Mr Osafo-Maafo was addressing the media at a Meet-the-Press series in Accra Wednesday [June 19, 2024] to provide updates of the Public Sector Reform for Results Project (PSRRP).

Context
The government, through the Office of the Senior Presidential Advisor (OSPA) and the PSRS, implemented the project from 2019-2023. The World Bank provided the PSRRP with a credit facility of $35 million for which a financing agreement was signed on November 12, 2018. The project was restructured in 2021 and the amount reduced to US$ 24 million to cover 13 ministries, departments and agencies (MDAs).

The PSRRP was an initiative of the government for the implementation of the National Public Sector Reform Strategy (NPSRS) 2018-2023. The project was intended to “improve efficiency and accountability in delivering selected services by selected entities.”

The beneficiary institutions of the project included the Driver and Vehicle Licensing Authority (DVLA), the Passport Office, the Births and Deaths Registry (BDR), the ministries of Transport, Foreign Affairs and Regional Integration (MFARI), Environment Science Technology and Innovation (MESTI), Local Government, Decentralisation and Rural Development (MLGDRD).

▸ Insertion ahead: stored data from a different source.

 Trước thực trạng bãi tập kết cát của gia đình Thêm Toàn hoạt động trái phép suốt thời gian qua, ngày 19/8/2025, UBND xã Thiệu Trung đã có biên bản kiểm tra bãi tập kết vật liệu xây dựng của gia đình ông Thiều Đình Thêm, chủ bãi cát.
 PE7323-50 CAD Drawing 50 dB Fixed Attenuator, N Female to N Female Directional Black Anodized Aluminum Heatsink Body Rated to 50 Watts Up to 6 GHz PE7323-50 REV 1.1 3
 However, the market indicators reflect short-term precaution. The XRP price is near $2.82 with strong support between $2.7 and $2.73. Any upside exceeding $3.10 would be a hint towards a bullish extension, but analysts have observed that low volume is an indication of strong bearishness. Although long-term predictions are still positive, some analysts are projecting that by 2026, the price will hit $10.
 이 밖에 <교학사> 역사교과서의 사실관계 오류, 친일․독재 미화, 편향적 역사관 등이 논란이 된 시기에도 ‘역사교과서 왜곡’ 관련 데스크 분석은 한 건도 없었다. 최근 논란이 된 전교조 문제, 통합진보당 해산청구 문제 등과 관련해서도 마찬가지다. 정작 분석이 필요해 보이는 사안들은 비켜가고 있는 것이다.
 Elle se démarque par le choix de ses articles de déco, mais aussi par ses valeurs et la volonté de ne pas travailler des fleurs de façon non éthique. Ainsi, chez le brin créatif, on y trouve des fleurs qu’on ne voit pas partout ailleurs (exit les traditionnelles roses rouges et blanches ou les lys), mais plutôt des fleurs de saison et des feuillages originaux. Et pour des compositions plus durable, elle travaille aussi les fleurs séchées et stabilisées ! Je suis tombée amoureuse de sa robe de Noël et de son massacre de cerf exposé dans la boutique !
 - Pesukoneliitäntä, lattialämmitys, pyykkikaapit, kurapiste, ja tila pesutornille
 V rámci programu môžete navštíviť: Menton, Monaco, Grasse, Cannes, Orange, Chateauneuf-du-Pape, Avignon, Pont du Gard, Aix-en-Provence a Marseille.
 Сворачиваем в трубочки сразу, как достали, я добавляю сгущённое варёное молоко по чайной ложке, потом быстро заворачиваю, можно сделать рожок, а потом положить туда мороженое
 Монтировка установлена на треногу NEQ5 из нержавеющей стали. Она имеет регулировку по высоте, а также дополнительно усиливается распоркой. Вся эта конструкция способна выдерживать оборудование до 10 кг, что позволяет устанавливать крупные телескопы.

The others are the Public Services Commission (PSC), Office of the Head of Civil Service (OHCS), Commission for Human Rights and Administrative Justice (CHRAJ), Monitoring and Evaluation Secretariat (MES), National Information Technology Agency (NITA) and Public Sector Reform Secretariat (PSRS).

Service delivery
Mr Osafo-Maafo said the investment in the operations at the Passport Office under the PSRRP had contributed to the improvement in capturing of biodata. He said that had been made possible through the setting up of new biodata capturing booths, thereby reducing the waiting period drastically across the country.

“The passport application ecosystem has improved significantly. Since August 2023, the Passport Office has been able to process and print about 700,000 passport applications, including 100,000 passport application backlogs as against the annual average target of 500,000 printed booklets,” he added.

Achievement
Mr Osafo-Maafo said the project had led to the strengthening of organisational performance for improved service delivery at the beneficiary institutions.For instance, he said the project had also supported the Public Services Commission (PSC) and the Office of the Head of Civil Service (OHCS) to establish modern video conferencing facilities – an IT-enabled interactive platform that allows the two institutions to virtually engage their stakeholders at their respective locations.

Again, the OHCS cleared 14,657 backlog of staff promotions since 2021, while the video conferencing facility facilitated the conduct of over 5,000 interviews in different parts of the country in 2022, and 4000 in 2023.